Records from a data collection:
==========

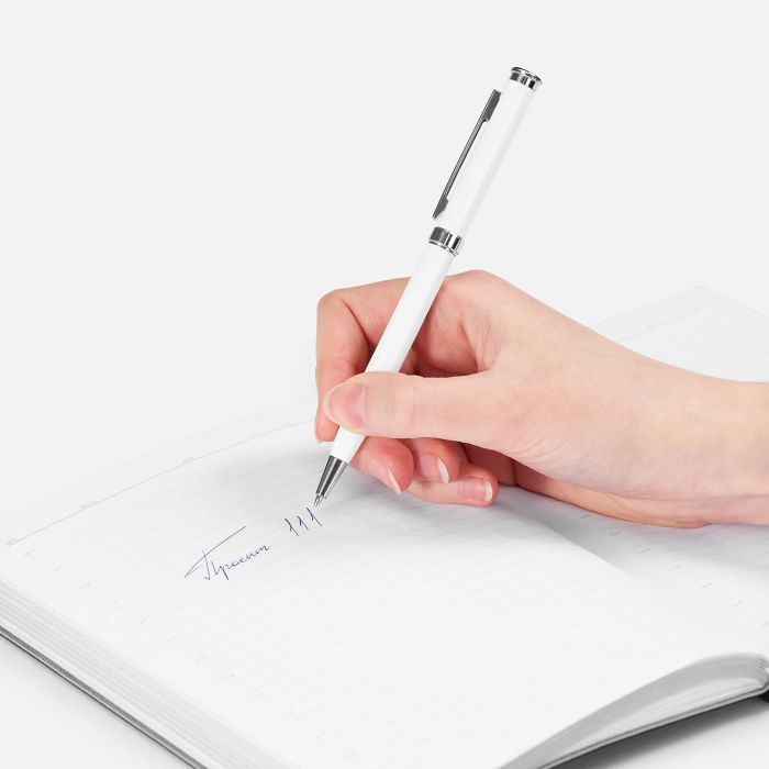 Тонкая классическая ручка — подарок вне времени и моды. Изящное решение для тех, кто ценит совершенство в деталях. - Механизм ручки: поворотный. - Корпус ручки разбирается, стержень легко заменить. - Стержень с синими чернилами. - Длина линии письма: 800 м
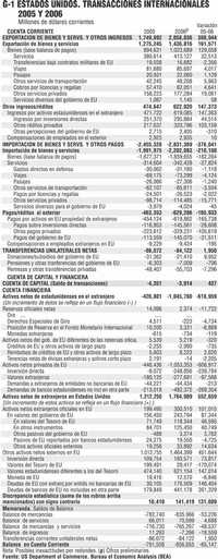 De acuerdo con las cifras de transacciones internacionales dadas a conocer en marzo pasado por BEA (Bureau of Economic Analysis) del Departamento de Comercio de Estados Unidos, la cuenta corriente registró en 2006 un déficit de -856 mil 655 millones de dólares, déficit superior en -65 mil 147 millones al registrado en 2005 (Gráfico 1, ver Memoranda). Las tres balanzas que integran la cuenta corriente se comportaron como sigue:
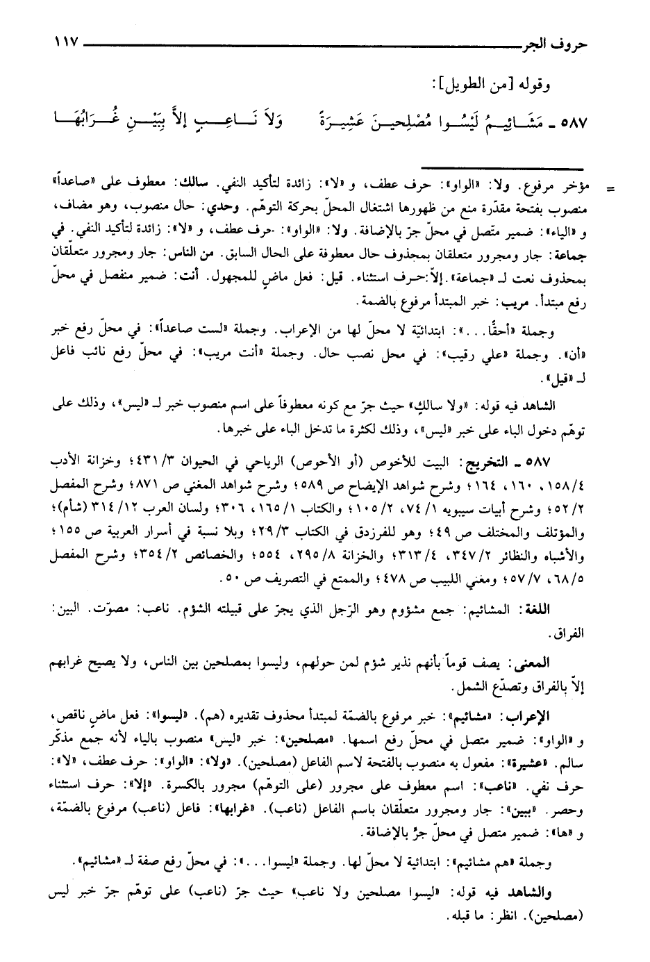 الإعراب: "مشائيم" خبر مرفوع بالضمة لمبتدأ محذوف تقديره "هم". "ليسوا": فعل ماض ناقص، و"الواو": ضمير متصل في محل رفع اسمها. "مصلحين": خبر "ليس" منصوب بالياء لأنه جمع مذكر سالم. "عشيرة": مفعول به منصوب بالفتحة لاسم الفاعل "مصلحين". "ولا": "الواو": حرف عطف، "لا": حرف نفي "ناعب": اسم معطوف على مجرور "على التوهم" مجرور بالكسرة "إلا": حرف استثناء وحصر. "ببين": جار ومجرور متعلقان باسم الفاعل "ناعب" "غرابها": فاعل "ناعب" مرفوع بالضمة، و"ها": ضمير متصل في محل جر بالإضافة.
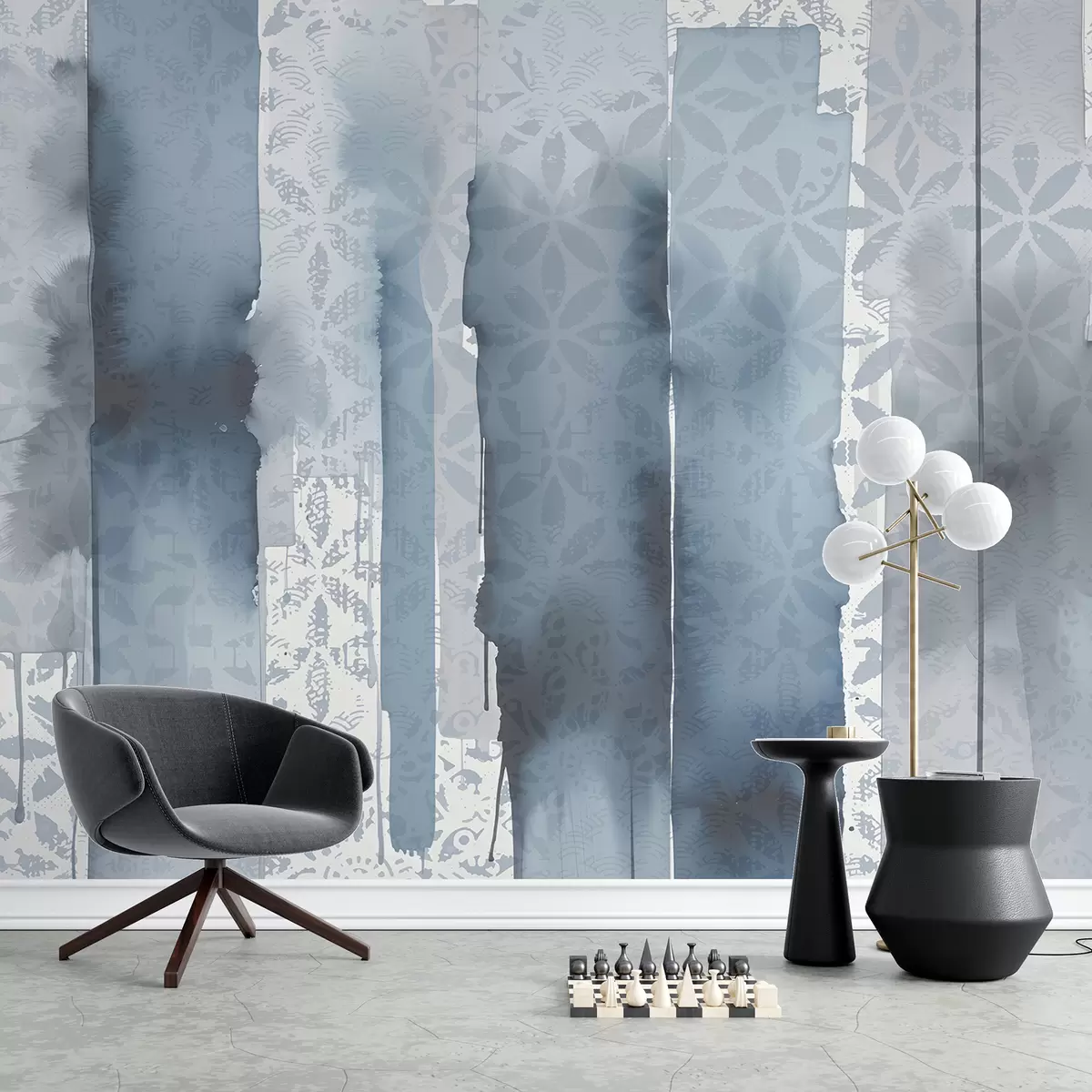 Fototapety Akvarelová abstraktná tlač s veľkými modrými ťahmi štetca a vintage vzorom Nr. w08267
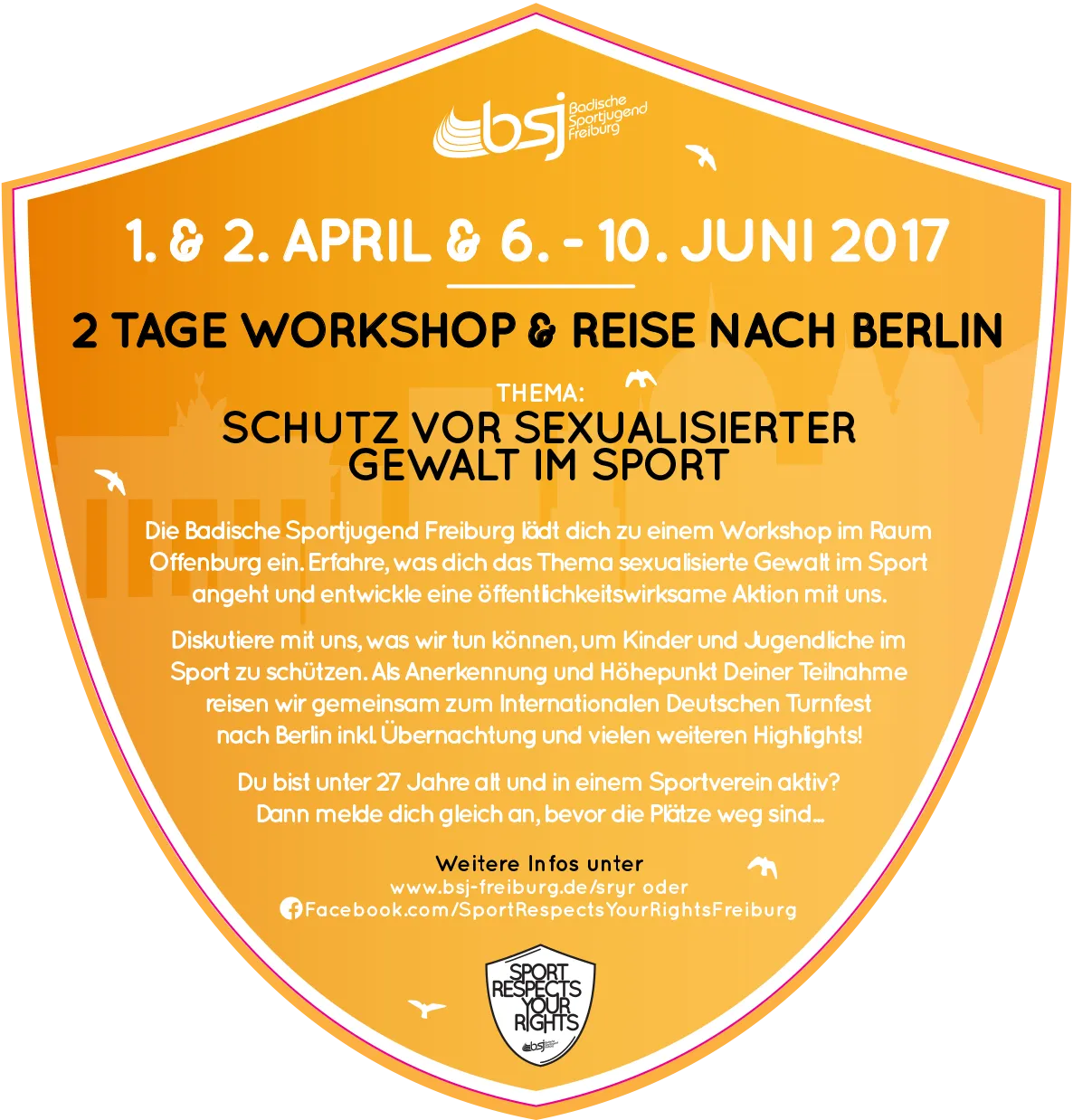 Voraussgesetzt ist die aktive Teilnahme am Workshop vom 01. und 02.04.2017 von „Sport Respects Your Rights“ (SRYR) in Offenburg. Hier diskutieren und gestalten wir gemeinsam, was wir tun können, um Kinder und Jugendliche im Sport gegen sexualisierte Gewaltformen zu schützen. Bringe deine Ideen zu diesem Thema mit ein und entwickle mit uns eine öffentlichkeitswirksame Aktion.Nach deiner Teilnahme am Workshop fährst du im Juni (06.06.-10.06.17) gemeinsam mit uns nach Berlin zum Jugendevent. Dort werden wir eine Aktion durchführen, beim Internationalen Deutschen Turnfest dabei sein und die Hauptstadt erleben.
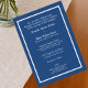 A simple navy blue card, with a bold white frame, backs a traditionally worded wedding invitation in modern white fonts. We've added a line for the names of the groom's parents. As tradition dictates, the styling is Mr. and Mrs. HOWEVER, remember this is your call. Use first names of the parents if that's what they (and you) prefer. The back is identical, bue framed in white, if you choose to keep it simple. Or this is space for your favourite photograph, along with names, date and location in a font that matches the front. The text on front is all white, in two contrasting non-cursive fonts. The back text is a soft black. The design allows you to change and reword the design anyway you choose in order to suit you and your event perfectly. Edit, add, delete. It's all yours.
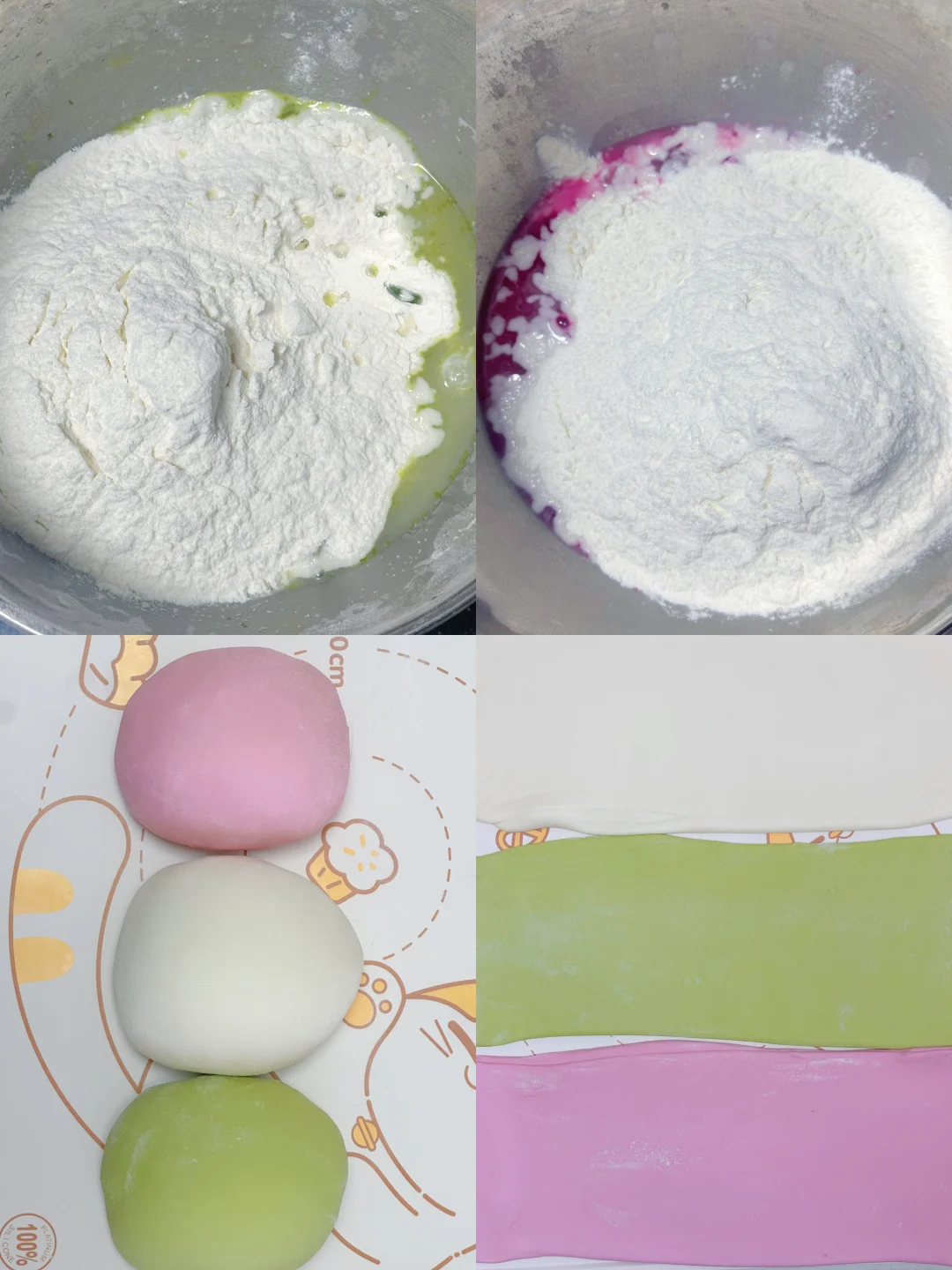 1️⃣分别把各个面团的食材混合揉匀,揉成光滑面团,再各自擀成光滑的长方形面片。
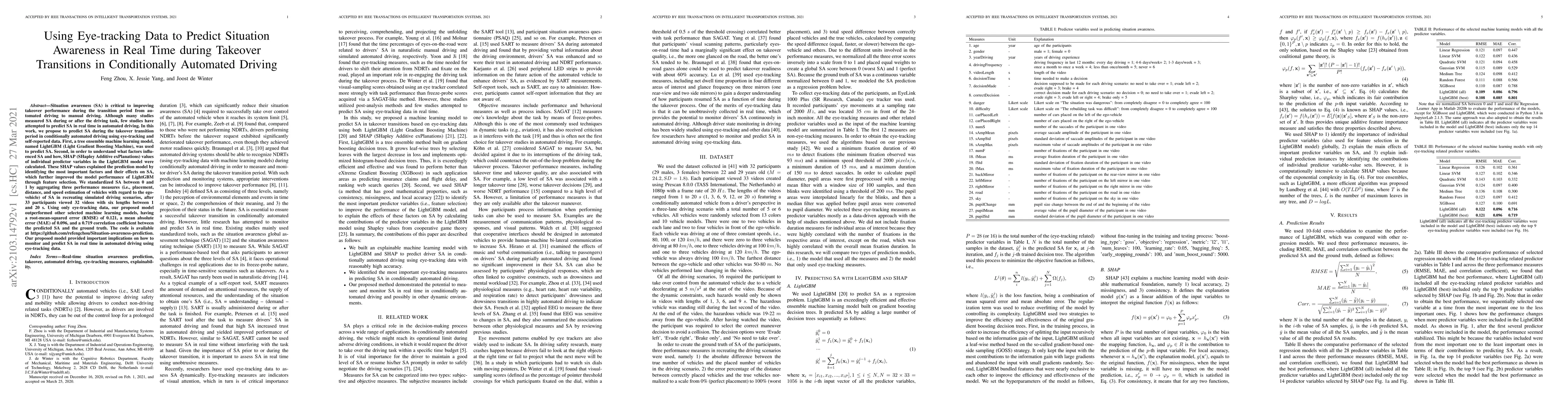 This research proposes a real-time prediction model for situation awareness (SA) during automated driving takeover transitions using eye-tracking data and a LightGBM machine learning model. The model, enhanced by SHAP values for feature selection, outperformed other models, indicating its potential for real-time SA monitoring in conditionally automated driving.
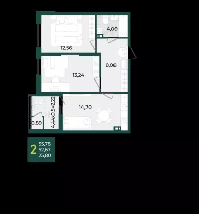 Продается 2-х комн. новостройка, 55.64 кв.м., 9/16 эт
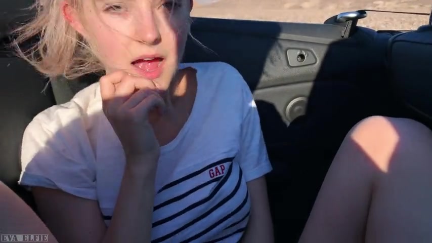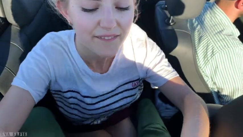 Petite amateur blonde teen sucking and riding dick in a car

==========

■ Task brief: Give the data above again exactly. Leave the pictures out.

■ Result:
 Тонкая классическая ручка — подарок вне времени и моды. Изящное решение для тех, кто ценит совершенство в деталях. - Механизм ручки: поворотный. - Корпус ручки разбирается, стержень легко заменить. - Стержень с синими чернилами. - Длина линии письма: 800 м
 De acuerdo con las cifras de transacciones internacionales dadas a conocer en marzo pasado por BEA (Bureau of Economic Analysis) del Departamento de Comercio de Estados Unidos, la cuenta corriente registró en 2006 un déficit de -856 mil 655 millones de dólares, déficit superior en -65 mil 147 millones al registrado en 2005 (Gráfico 1, ver Memoranda). Las tres balanzas que integran la cuenta corriente se comportaron como sigue:
 الإعراب: "مشائيم" خبر مرفوع بالضمة لمبتدأ محذوف تقديره "هم". "ليسوا": فعل ماض ناقص، و"الواو": ضمير متصل في محل رفع اسمها. "مصلحين": خبر "ليس" منصوب بالياء لأنه جمع مذكر سالم. "عشيرة": مفعول به منصوب بالفتحة لاسم الفاعل "مصلحين". "ولا": "الواو": حرف عطف، "لا": حرف نفي "ناعب": اسم معطوف على مجرور "على التوهم" مجرور بالكسرة "إلا": حرف استثناء وحصر. "ببين": جار ومجرور متعلقان باسم الفاعل "ناعب" "غرابها": فاعل "ناعب" مرفوع بالضمة، و"ها": ضمير متصل في محل جر بالإضافة.
 Fototapety Akvarelová abstraktná tlač s veľkými modrými ťahmi štetca a vintage vzorom Nr. w08267
 Voraussgesetzt ist die aktive Teilnahme am Workshop vom 01. und 02.04.2017 von „Sport Respects Your Rights“ (SRYR) in Offenburg. Hier diskutieren und gestalten wir gemeinsam, was wir tun können, um Kinder und Jugendliche im Sport gegen sexualisierte Gewaltformen zu schützen. Bringe deine Ideen zu diesem Thema mit ein und entwickle mit uns eine öffentlichkeitswirksame Aktion.Nach deiner Teilnahme am Workshop fährst du im Juni (06.06.-10.06.17) gemeinsam mit uns nach Berlin zum Jugendevent. Dort werden wir eine Aktion durchführen, beim Internationalen Deutschen Turnfest dabei sein und die Hauptstadt erleben.
 A simple navy blue card, with a bold white frame, backs a traditionally worded wedding invitation in modern white fonts. We've added a line for the names of the groom's parents. As tradition dictates, the styling is Mr. and Mrs. HOWEVER, remember this is your call. Use first names of the parents if that's what they (and you) prefer. The back is identical, bue framed in white, if you choose to keep it simple. Or this is space for your favourite photograph, along with names, date and location in a font that matches the front. The text on front is all white, in two contrasting non-cursive fonts. The back text is a soft black. The design allows you to change and reword the design anyway you choose in order to suit you and your event perfectly. Edit, add, delete. It's all yours.
 1️⃣分别把各个面团的食材混合揉匀,揉成光滑面团,再各自擀成光滑的长方形面片。
 This research proposes a real-time prediction model for situation awareness (SA) during automated driving takeover transitions using eye-tracking data and a LightGBM machine learning model. The model, enhanced by SHAP values for feature selection, outperformed other models, indicating its potential for real-time SA monitoring in conditionally automated driving.
 Продается 2-х комн. новостройка, 55.64 кв.м., 9/16 эт
 Petite amateur blonde teen sucking and riding dick in a car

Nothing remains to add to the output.